If one, desperate after being cooped up, felt the need to step outside, they could bring an umbrella, but then it felt like a funeral, like one in a movie. They would look up at the sky, wondering when the gray would dissipate, and even if it did, whether any of the joy and happiness would come back with the sun.
So many chose to stay inside, where at least they would not have to acknowledge the seemingly eternal grayness. And so Old Town stayed, for another long week of rain, rain and waiting.
Svitra Rajkumar, 13
She felt her body plunge into the freezing water and hear muffled voices screaming above her. Although Lucy was sinking deeper and deeper, she felt at peace, and it didn’t hurt. In fact, she felt light, as though she could soar off into the sky any minute now.
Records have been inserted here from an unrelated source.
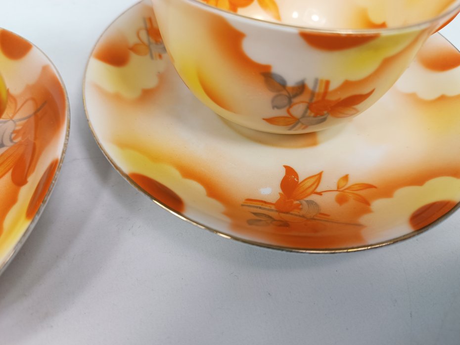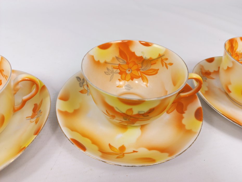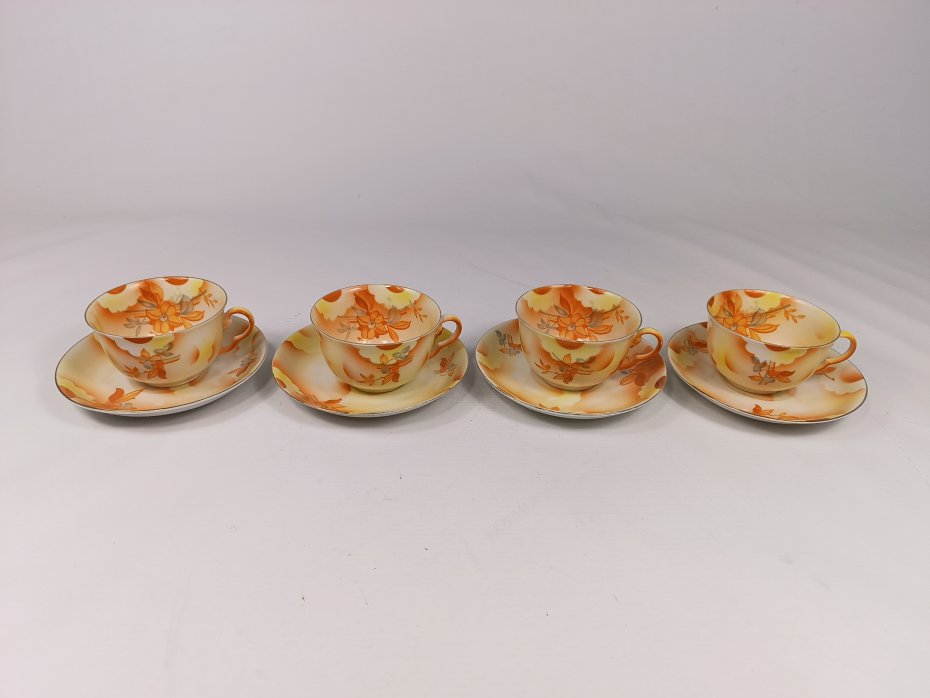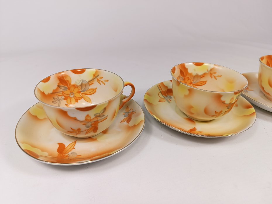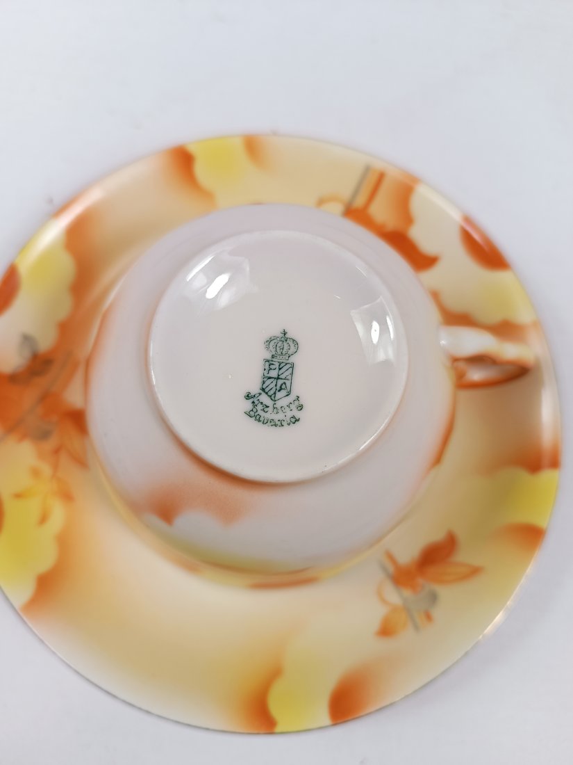 Zestaw czterech filiżanek Arzberg Bavaria, Art Deco z lat 30. Stan zachowania bardzo dobry, bez odprysków, miejscami występują drobne przetarcia. Filiżanki dekorowane metodą spritzdekor.
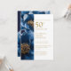 Invitación Elegante azul y dorado floral 50 aniversario
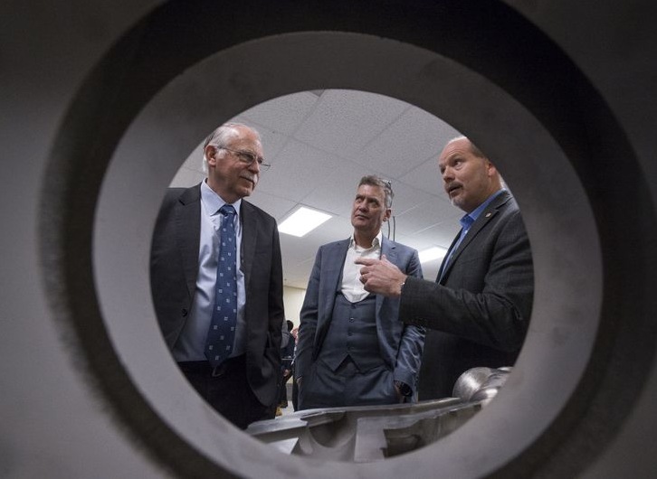 Newport News Shipbuilding (NNS) - May 10, 2018 Huntington Ingalls Industries (NYSE:HII) announced today that its Newport News Shipbuilding division has partnered with 3D Systems to develop additive manufacturing technologies expected to accelerate the adoption of metal 3-D printing in the naval shipbuilding industry. Chuck Hull, Kevin McAlea and Charles Southall discuss how Newport News Shipbuilding plans to use additive manufacturing technology to produce parts for future warships. Hull is the inventor of stereolithography and co-founder of 3D Systems; McAlea is 3D Systems’ executive vice president and general manager, metals and healthcare; Southall is Newport News’ vice president of engineering and design. Photo by John Whalen/HII The joint effort is expected to support future qualification and certification programs necessary to implement this advanced manufacturing technology for the U.S. Navy and further revolutionize how shipbuilders build the next generation of warships. It is also part of a significant technological transformation underway at Newport News called integrated Digital Shipbuilding (iDS). “This is a game-changing and disruptive technology for our industry,” said Charles Southall, Newport News’ vice president of engineering and design. “In addition to our ongoing digital shipbuilding efforts, 3-D printing could transform our design standards, and this technology has the potential to be one of the most significant manufacturing innovations in our industry since we began building nuclear-powered ships in the 1950s.” As part of the joint development agreement, 3D Systems delivered and installed the ProX DMP 320 high-performance metal additive manufacturing system at Newport News. The state-of-the-art machine is capable of making three-dimensional, marine-based, alloy parts for castings or other fabricated parts, such as valves, housings and brackets. “3D Systems is pleased to play an integral role in transforming the naval shipbuilding industry,” said Kevin McAlea, executive vice president and general manager, metals and healthcare, at 3D Systems. “The ProX DMP 320 printer system, combined with our team’s expertise in metal 3-D printing technology, will bring new digitally enhanced geometries to Newport News Shipbuilding, enabling higher performing warship components and ultimately more efficient cost-effective parts delivery to the U.S. Navy.” The partnership represents a significant step forward in the fabrication of components and material for future warships. Compared to traditional manufacturing methods that involve the conversion of raw materials into a finished product through subtractive processes, such as cutting or grinding metal, additive manufacturing involves the layer-by-layer fabrication of raw materials into a finished product. “One of our goals is to provide leadership to our supplier base that will help accelerate the adoption of additive manufacturing within our industry, which may improve efficiencies and quality,” Southall said. “We look forward to working with key technology leaders, such as 3D Systems, to help to break down technology adoption barriers and advance additive manufacturing in our industry and supply chain.”
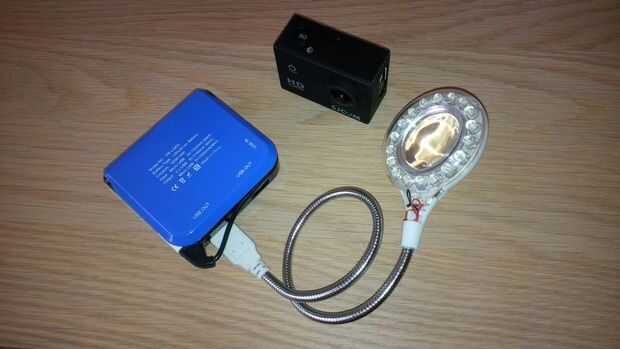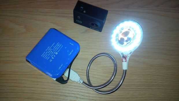 Enchufe su luz en la salida USB del Banco de la energía y encender el Banco de la energía y la luz. Usted debe conseguir una luz brillante y ahora puede colocar la luz de una manera para que pueda equilibrar su cámara. Si usted está preocupado, utilizar unos elásticos para sujetar la cámara. También asegúrese de que la cámara está en el centro de la luz del anillo donde la lupa tiene la menor distorsión.
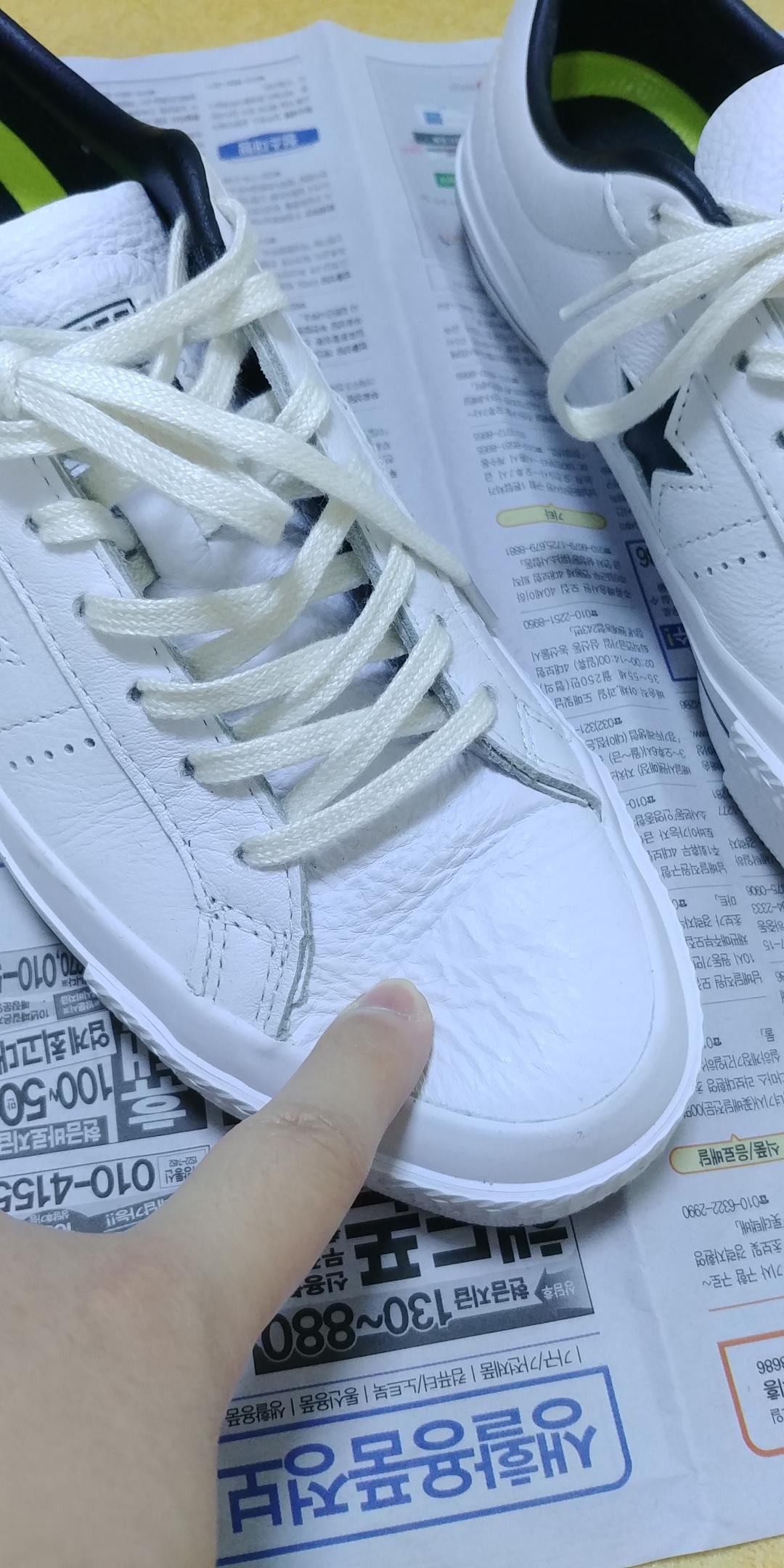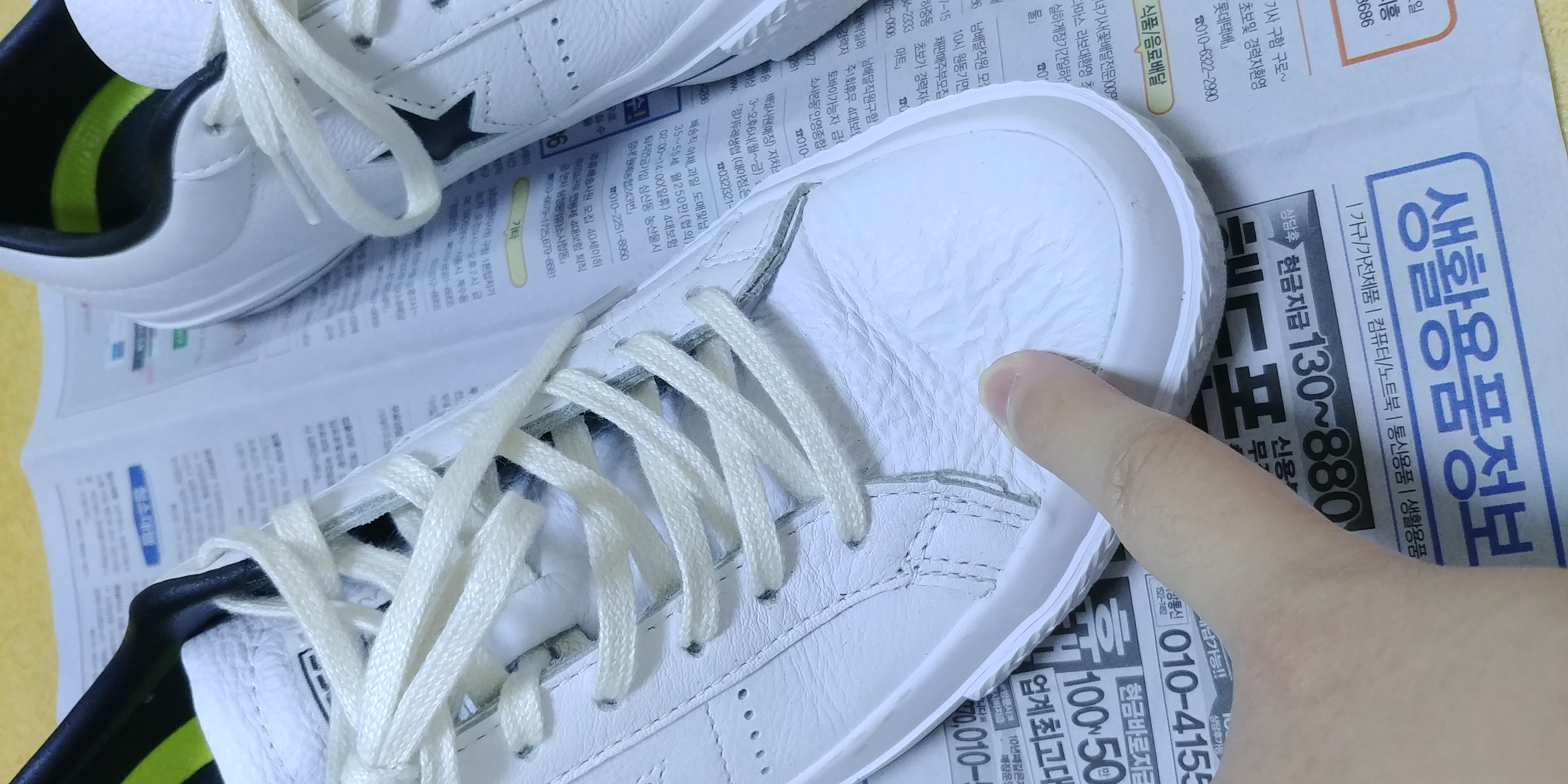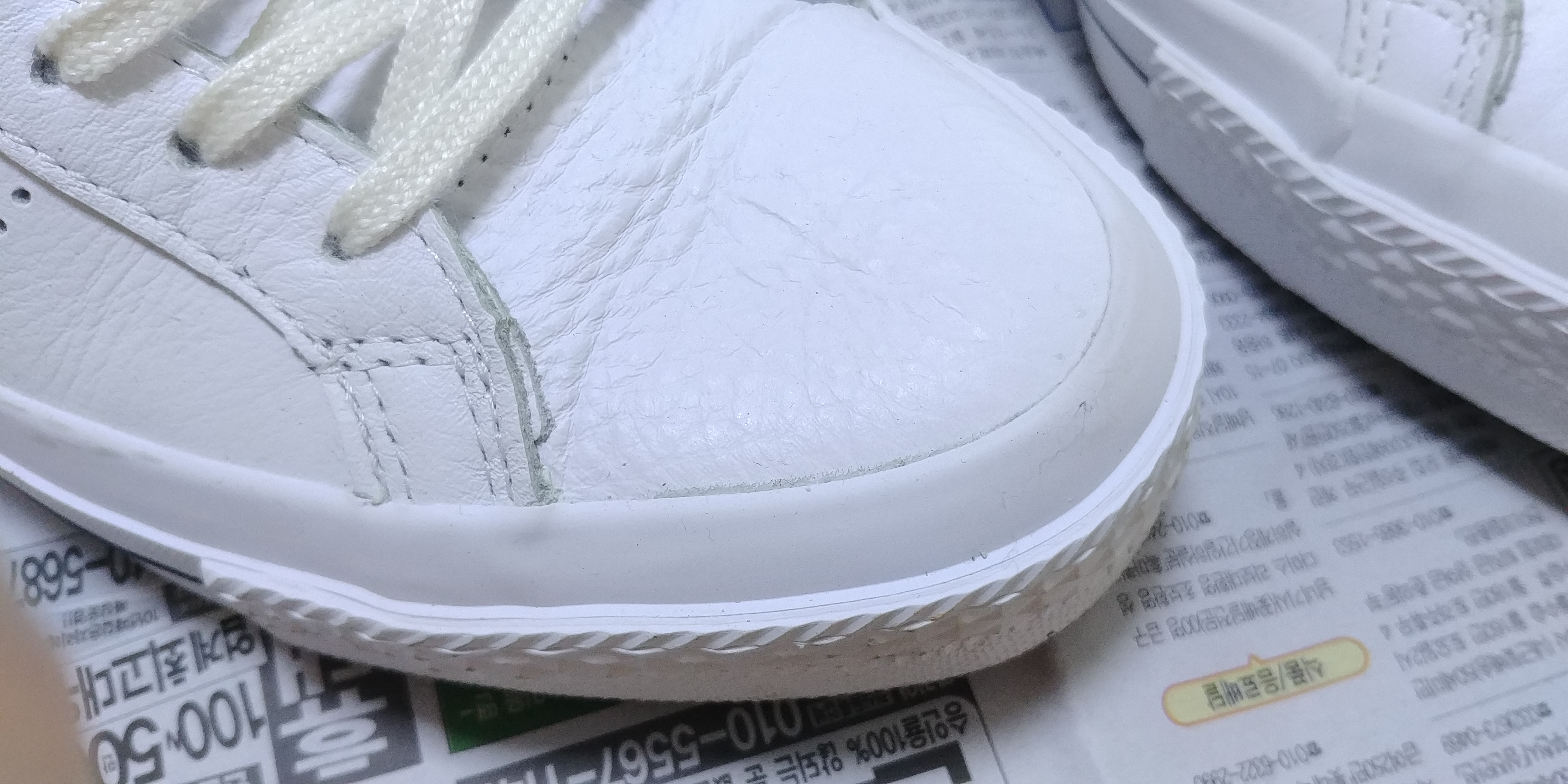 신었을때 한쪽만 심하게 쭈글쭈글하고, 앞코 모서리가 까지네요.
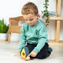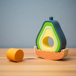 Oplev et kreativt balancespil, der udvikler finmotorik, tålmodighed og koncentration. Børn kan skille avocadoen ad, samle den igen i forskellige former og træne stabilitet, når den vipper på træbasen.
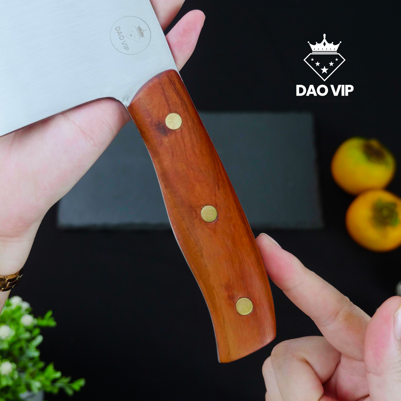 Phần cán dao được chế tác từ gỗ tự nhiên cao cấp, đã xử lý kỹ lưỡng để chống ẩm mốc và mối mọt. Thiết kế dạng ốp Full Tang kết hợp 3 chốt cố định và keo AB hai thành phần tạo sự liên kết chắc chắn, bền bỉ. Kích thước cán được tối ưu vừa vặn với lòng bàn tay, không quá lớn cũng không quá nhỏ, mang lại cảm giác cầm nắm chắc chắn, hạn chế trơn trượt ngay cả khi tay ướt hoặc sử dụng dao trong thời gian dài.
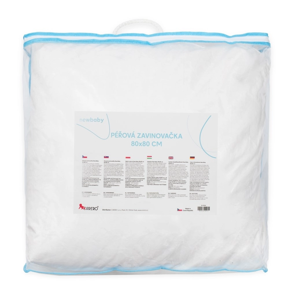 Acest scutec înfofolitor din puf, de lux, cu dimensiunile 80 × 80 cm este conceput pentru înfășarea sigură și confortabilă a nou-născutului. Datorită pufului special curățat și testat, menține căldură plăcută fără supraîncălzire și oferă bebelușului o senzație de siguranță. Poate fi folosit și ca cuvertură ușoară tip plapumă.
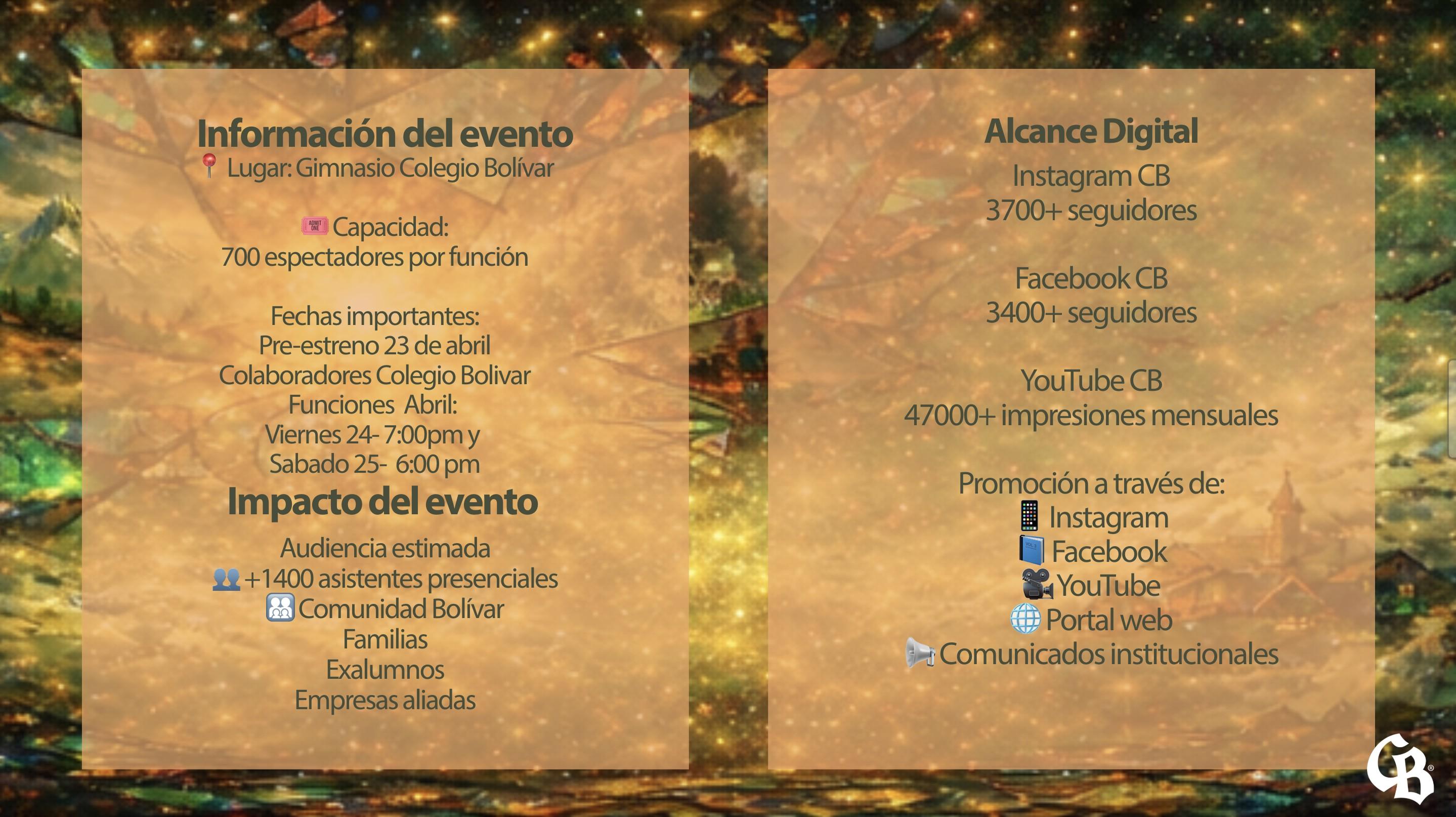 Fundado en 1947, el Colegio Bolívar es una de las instituciones educativas bilingües más reconocidas de Colombia, comprometida con el desarrollo académico, artístico y humano de sus estudiantes.
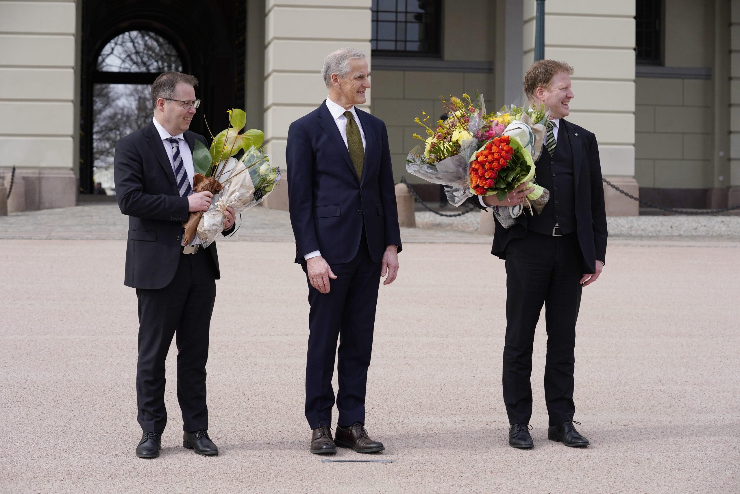 Etter et kort ekstraordinært statsråd på Slottet kom Gram og Gjelsvik gående ut på Slottsplassen sammen med statsminister Jonas Gahr Støre (Ap).
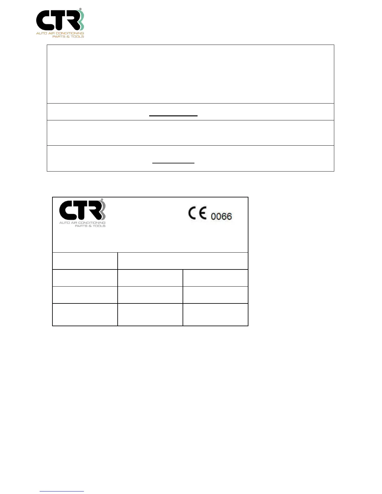 or translated without prior written consent of the owner. CTR S.R.L. shall be responsible for any manufacturing defect
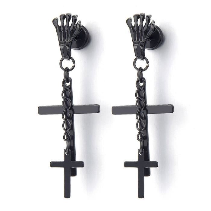 Paire Boucles D Oreilles Homme Acier Noire Croix Pendante Medievale Achat Vente Boucle D Oreille Paire Boucles D Oreilles Homme Soldes Sur Cdiscount Des Le Janvier

In a split second, her thoughts recollected as she realized her situation. All the tightness disappeared as though it was never there. Instead, it was replaced by a new feeling. It pulled her lower and lower into the water, as Lucy began to panic. Her chest ached for the feeling of air. She tried to move her arms but it was too late.
Lucy had gone far too deep into the seemingly bottomless ocean. She tried to remember the feeling of lightness and peace but that felt like years ago. Her lungs called for the long-gone air at the surface. She stared at the top of the water that was gradually moving further away from her.
Lucy extended her pale hands towards it, trying to grab onto the flowing currents. She was tired of giving up and running away. She was tired of being pushed onto the ground. She was tired of falling. With as much strength as she could muster she pulled herself a little higher, even though her head ached from the pain.